◆ **What is required**
The lines below, from the one holding "Near the Beach" through the final line, are to be copied exactly, with no other lines and no pictures.

◆ **Extracted information**

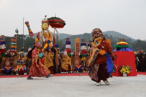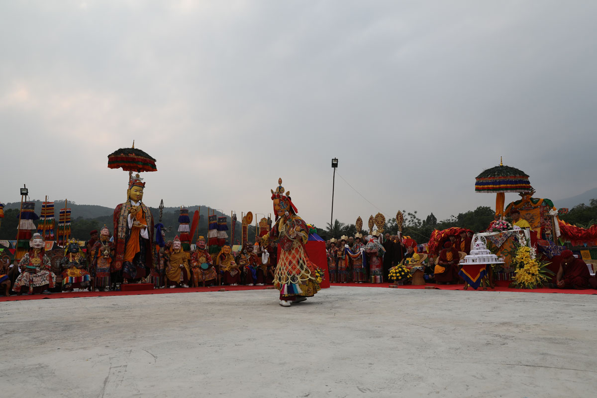 Các Hóa thân đứng thành vòng tròn hoặc hai hàng và cùng phô diễn vũ điệu, sau đó cùng an tọa và ban gia trì cho các thành viên tham dự buổi lễ. Các bản tôn daka, không hành mẫu dakini, thiên nhân mang các sức trang hoàng bằng xương xuất hiện và tán thán Đức Liên Hoa Sinh. Rồi lần lượt từng Hóa thân cử hành vũ điệu theo lời tụng và nhạc khí cúng dàng. Bậc thượng sư giác ngộ chủ đàn cùng các bậc Thầy đang an tọa sẽ tung hoa và gạo ngũ sắc để thể hiện sự tôn kính và chào đón Đức Liên Hoa Sinh. Kết thúc vũ điệu, các Hóa thân lần lượt rời khu vực sân khấu.
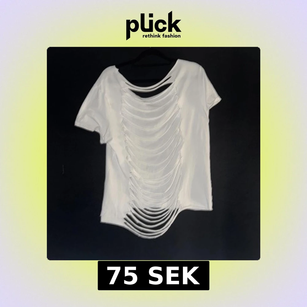 Säljer en vit t-shirt med korta ärmar och unik slitsad design på ryggen. T-shirten har rund halsringning och är tillverkad i mjukt bomullsmaterial. Perfekt för dig som vill sticka ut med en edgy och trendig look. Vill man ha den oversize passar den mer åt S men tajt så är de mer en L🌸
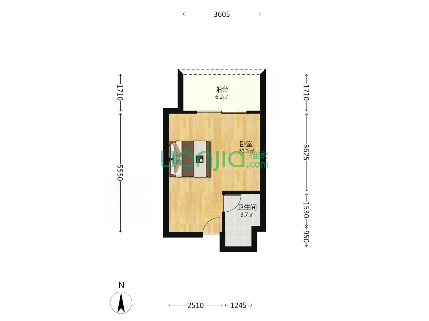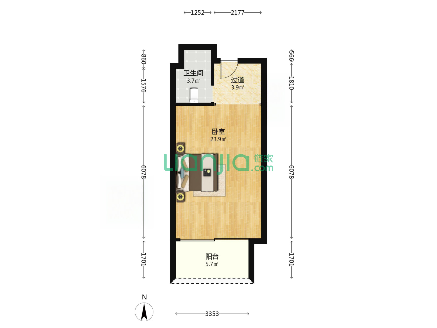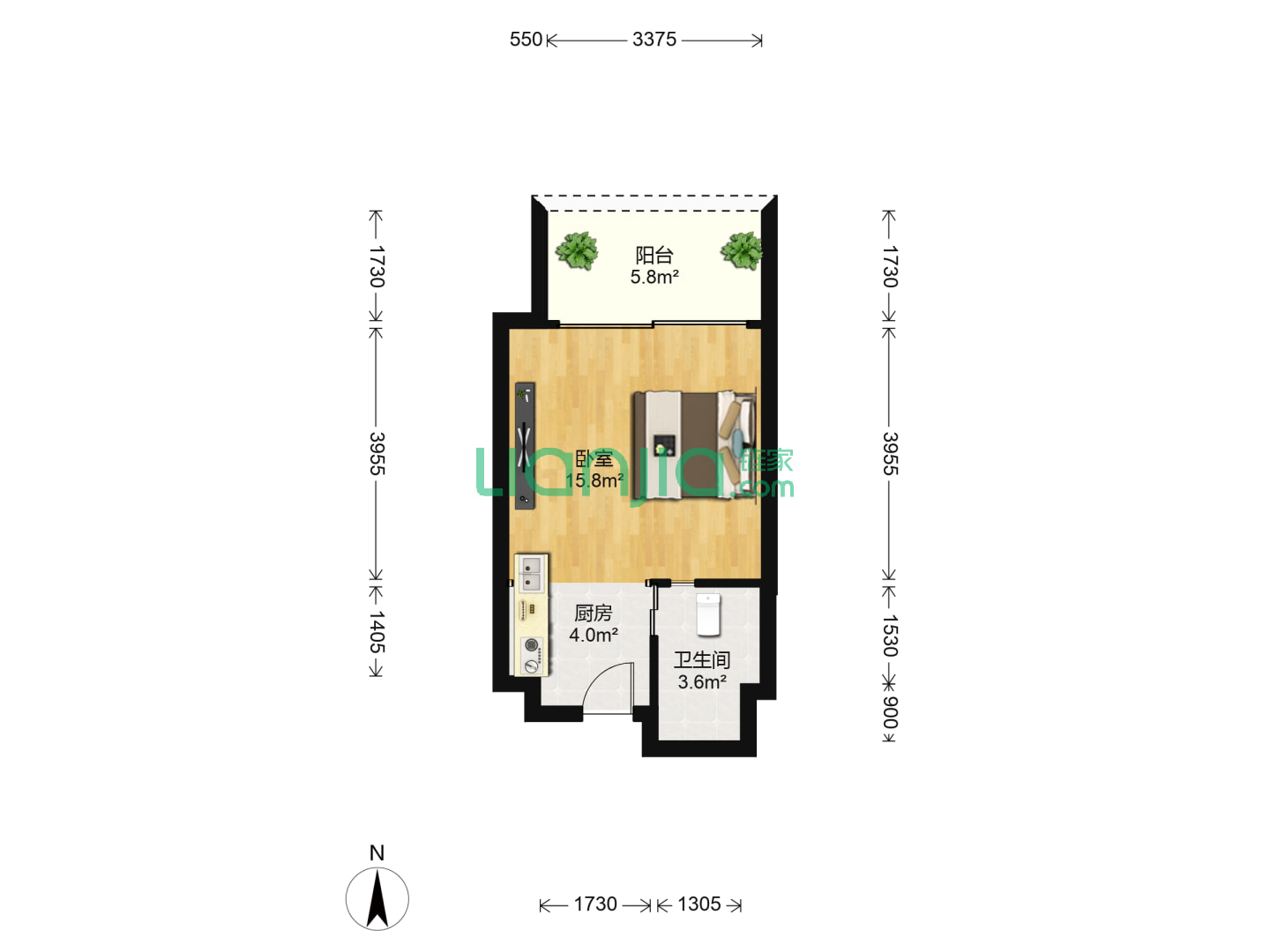1室1厅1卫 46㎡
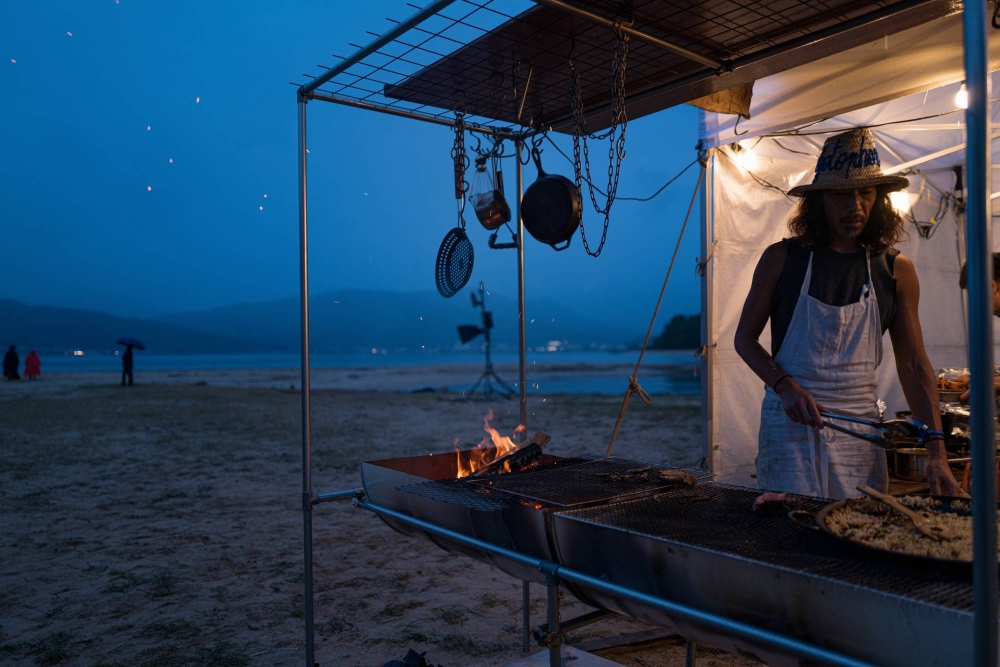Near the Beach Stage was a pop-up restaurant run by Rimpei Yoshikawa, the owner and chef behind the charcoal-fueled Shibuya restaurant Pignon, and his former sous chef Fumihiko Oumi, who is now the head chef at Delta, Kyotographie’s permanent space. Of course, natural wine expertly selected by wine importer Servin was also served at the eatery.
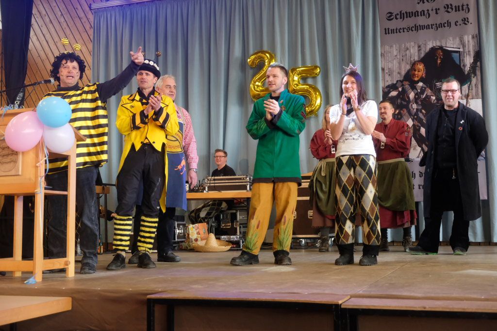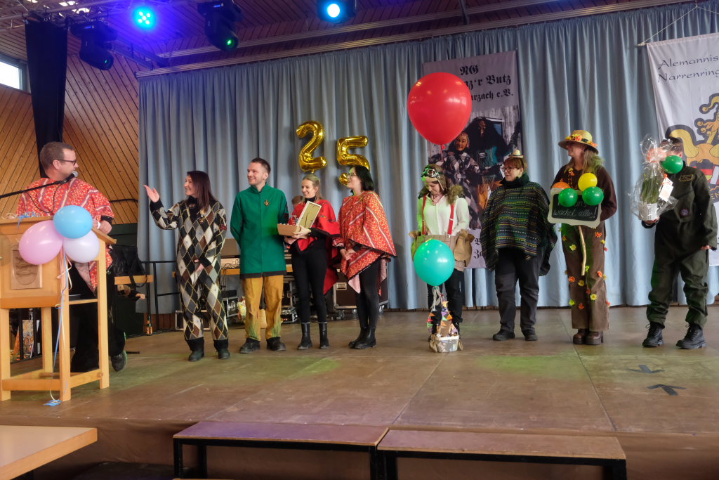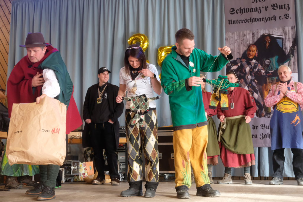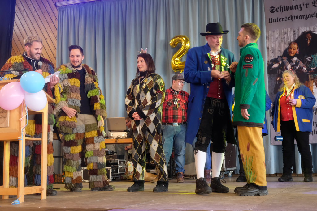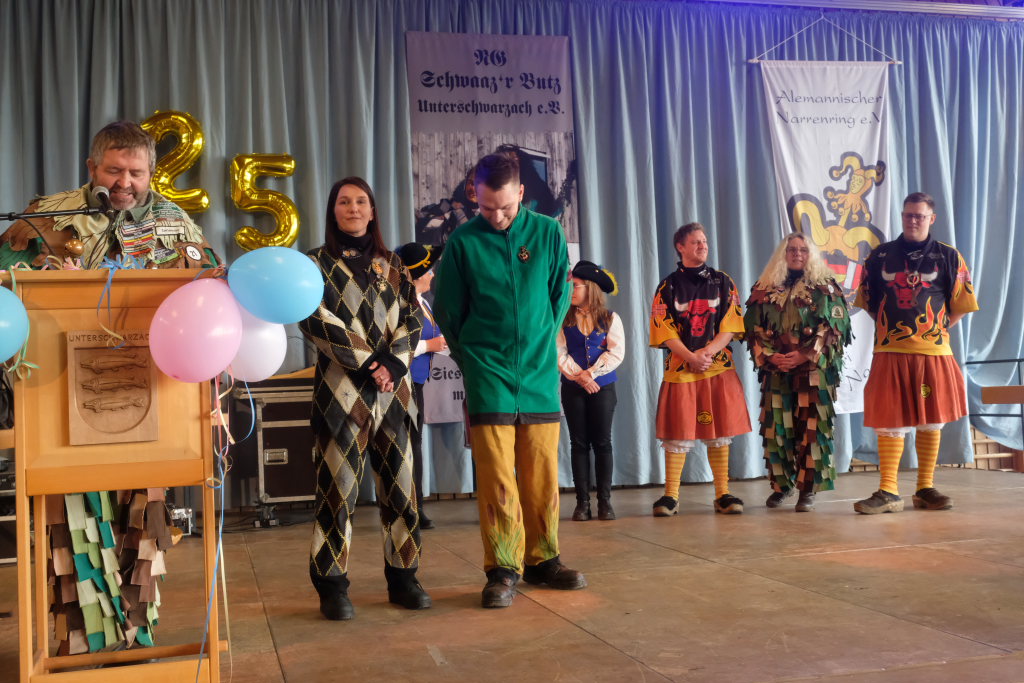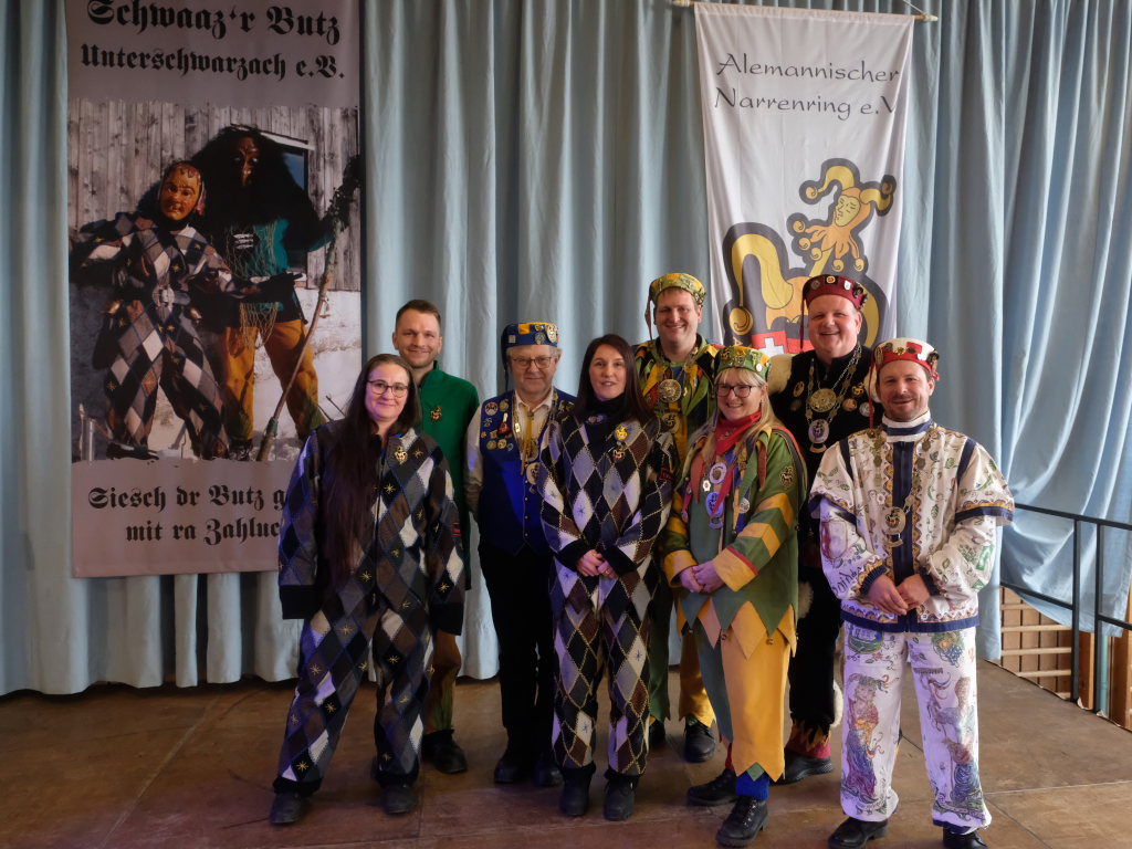 Mit dem Musikverein Harmonie, dem Kindergarten (Narrenruf: „Hurra, Hurra dr Kindi isch do“) und der Grundschule Unterschwarzach (Narrenruf „Bei uns wachst alles“) stellten sich mit Ausnahme der „Schwaaz´r Gang“ zunächst die ortseigenen Gruppen vor. Die dann gleich mit dem Lied vom Schwaaz´r Butz die Stimmbänder der Zunftmeister auf die Probe stellten.

◆ **Response to this task**
Near the Beach Stage was a pop-up restaurant run by Rimpei Yoshikawa, the owner and chef behind the charcoal-fueled Shibuya restaurant Pignon, and his former sous chef Fumihiko Oumi, who is now the head chef at Delta, Kyotographie’s permanent space. Of course, natural wine expertly selected by wine importer Servin was also served at the eatery.
 Mit dem Musikverein Harmonie, dem Kindergarten (Narrenruf: „Hurra, Hurra dr Kindi isch do“) und der Grundschule Unterschwarzach (Narrenruf „Bei uns wachst alles“) stellten sich mit Ausnahme der „Schwaaz´r Gang“ zunächst die ortseigenen Gruppen vor. Die dann gleich mit dem Lied vom Schwaaz´r Butz die Stimmbänder der Zunftmeister auf die Probe stellten.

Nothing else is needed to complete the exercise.